Someone who knows all about that is Williams’ younger sister, No. 1-seeded Serena, who faces 50th-ranked Elena Vesnina in Friday’s other semifinal. If Vesnina — who has never so much as taken a set off Serena in five previous meetings — were to pull off the upset, she would be the first unseeded woman to reach the Wimbledon final in the Open era, which began in 1968.
The 29-year-old Russian had never been past the fourth round at a major before this week.
Serena, meanwhile, is bidding for her seventh Wimbledon championship and, of even more significance, her 22nd Grand Slam trophy overall, which would equal Steffi Graf for the most in the Open era (Margaret Court holds the all-time mark of 24).
Serena has come close to drawing even with Graf before: At the U.S. Open last September, she lost to Roberta Vinci in the semifinals while aiming for a calendar-year Grand Slam; at the Australian Open in January, she lost to Kerber in the final; at the French Open in June, she lost to Garbine Muguruza in the final.

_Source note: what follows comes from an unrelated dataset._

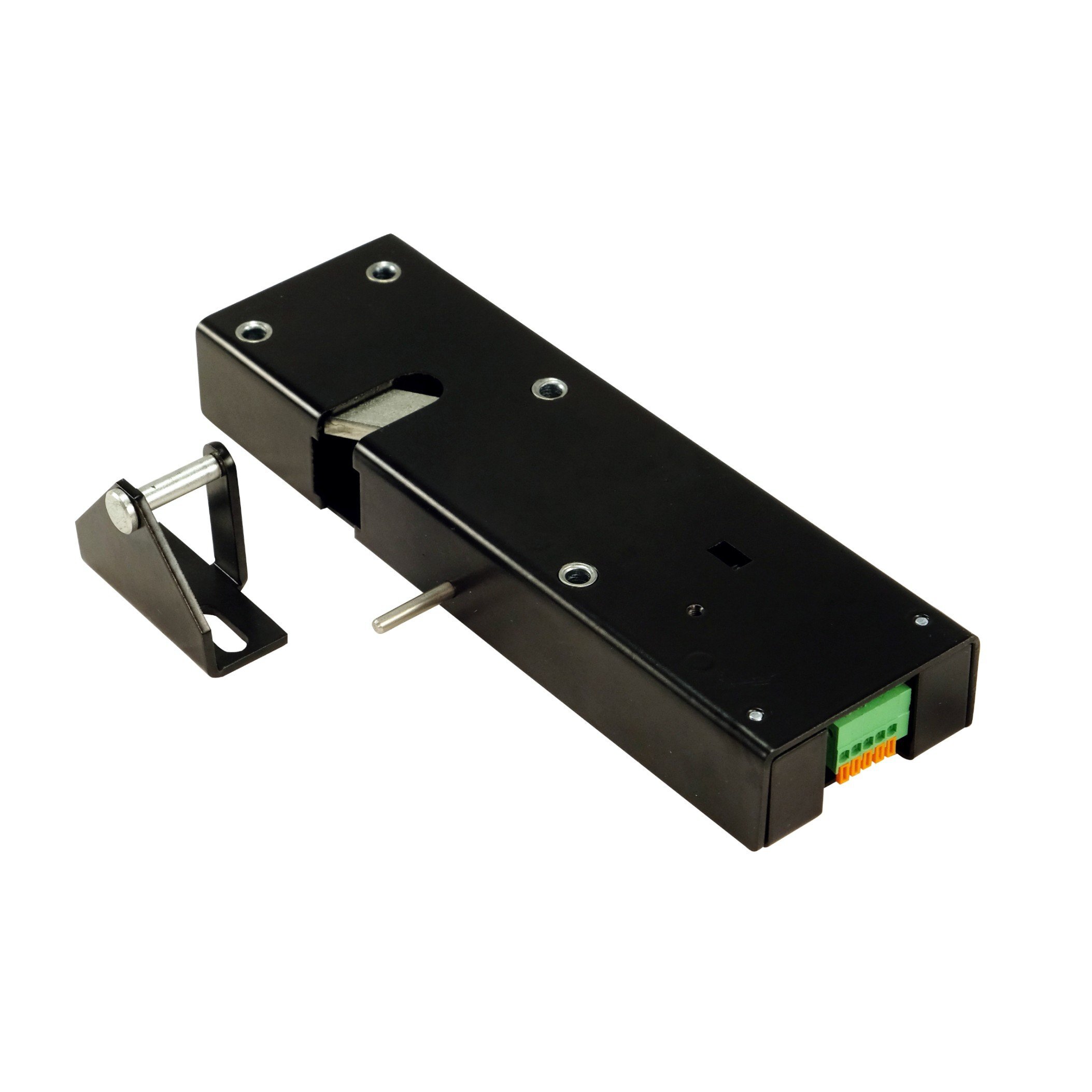 Электромеханический замок с толкателем и датчиком положения двери. Усилие удержания ригеля 500 кг. Нормально закрытый, напряжение питания 12В/0,4А, встроенный датчик состояния замка, замок устанавливается слева (петли двери справа), цвет - черный, 47х154х21 мм.

Way back in 1999, the Williams sisters both reached the semifinals of the U.S. Open. Now here they are, almost 17 full years later, both in the semifinals of a Grand Slam tournament for the 11th time. On all 10 previous occasions, one or the other took home the trophy.
If both win Thursday, they would play each other on Saturday in what would be the siblings’ ninth meeting in a Grand Slam final and fifth at Wimbledon.
For Serena, it would mean she’s participated in the last three major title matches, seven of the past eight.
For Venus, it would be her first Grand Slam final since 2009, when she lost at Wimbledon to—guess who?—Serena.
“With everything she’s been through, I think it’s built a ton of character in her,” Serena said, “and in me, just by being around her.”